The Insight (Rule of Thumb)
- Strategy 1 - Unpin weights: Add
--pin-weight 0. This reduces CPU weight memory usage by around 20% or more. Trade-off: slightly slower CPU-to-GPU transfers because non-pinned memory requires an extra copy through a pinned relay buffer. - Strategy 2 - Enable weight compression: Add
--compress-weight. This reduces weight memory usage by around 70% via 4-bit group-wise quantization. Trade-off: decompression overhead during inference, negligible accuracy loss. - Strategy 3 - Full disk offload: Use
--percent 0 0 100 0 100 0. This offloads all weights to disk, requiring very little CPU and GPU memory. Trade-off: significantly slower due to disk I/O bottleneck. - Combine strategies: All three can be used together for maximum memory savings on the most constrained hardware.
Reasoning
FlexLLMGen's memory hierarchy has three tiers with different capacity/bandwidth trade-offs:
- GPU VRAM: Fastest but smallest (typically 16-80GB).
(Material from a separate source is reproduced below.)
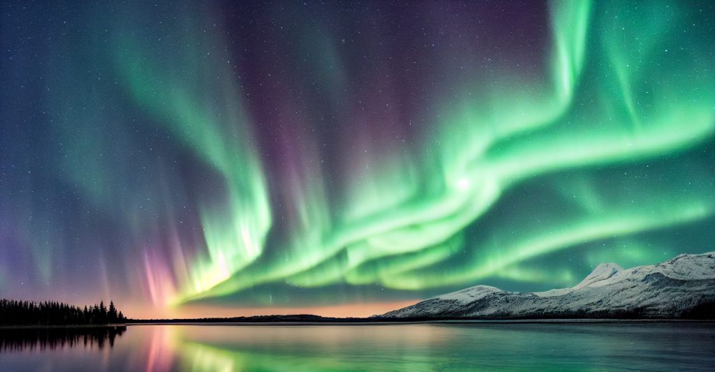 极光(Aurora Borealis),是太阳风与地球磁场交织的奇迹。当高能粒子撞入大气层,它们在夜空中燃烧、跳跃,化作绿、紫、粉的流光。听起来像一场冷冽的物理现象,然而当你亲眼看见它时,那种柔软与浪漫足以让人无言。 极光不会按计划出现。你不能预订它,只能等待它;不能催促它,只能相信它。那种“等待”的过程,正是追光旅程最迷人的地方。

- CPU DRAM: Medium speed, larger capacity (typically 64-256GB). Pinned memory doubles the CPU memory footprint because pinned buffers cannot be swapped.
- NVMe Disk: Slowest but virtually unlimited capacity (typically 1-4TB SSD).
The README FAQ section explicitly documents these strategies based on the developers' empirical experience. Strategy 1 (unpin) addresses the specific overhead of pinned memory allocation. Strategy 2 (compression) leverages the 4-bit quantization engine built into FlexLLMGen. Strategy 3 (full disk offload) is the last resort that trades all bandwidth for capacity.
Code Evidence
README FAQ section at README.md:163-169:
#### How to handle out-of-memory?
If you do not have enough GPU/CPU memory, here are a few things you can try.
They save more memory but run slower.
- Do not pin weights by adding `--pin-weight 0`. This can reduce the weight memory
usage on CPU by around 20% or more.
- Enable weight compression by adding `--compress-weight`. This can reduce the
weight memory usage by around 70%.
- Offload all weights to disk by using `--percent 0 0 100 0 100 0`. This requires
very little CPU and GPU memory.
Pin-weight default (True) in flexllmgen/flex_opt.py:1302-1303:
parser.add_argument("--pin-weight", type=str2bool, nargs="?",
const=True, default=True)
Pinned memory relay for non-pinned CPU tensors in flexllmgen/pytorch_backend.py:845-849:
elif (src.device.device_type == DeviceType.CPU and
dst.device.device_type == DeviceType.CUDA and
not src.data.is_pinned()):
# The cpu tensor is not pinned, use pin_memory as a relay
src = src.pin_memory()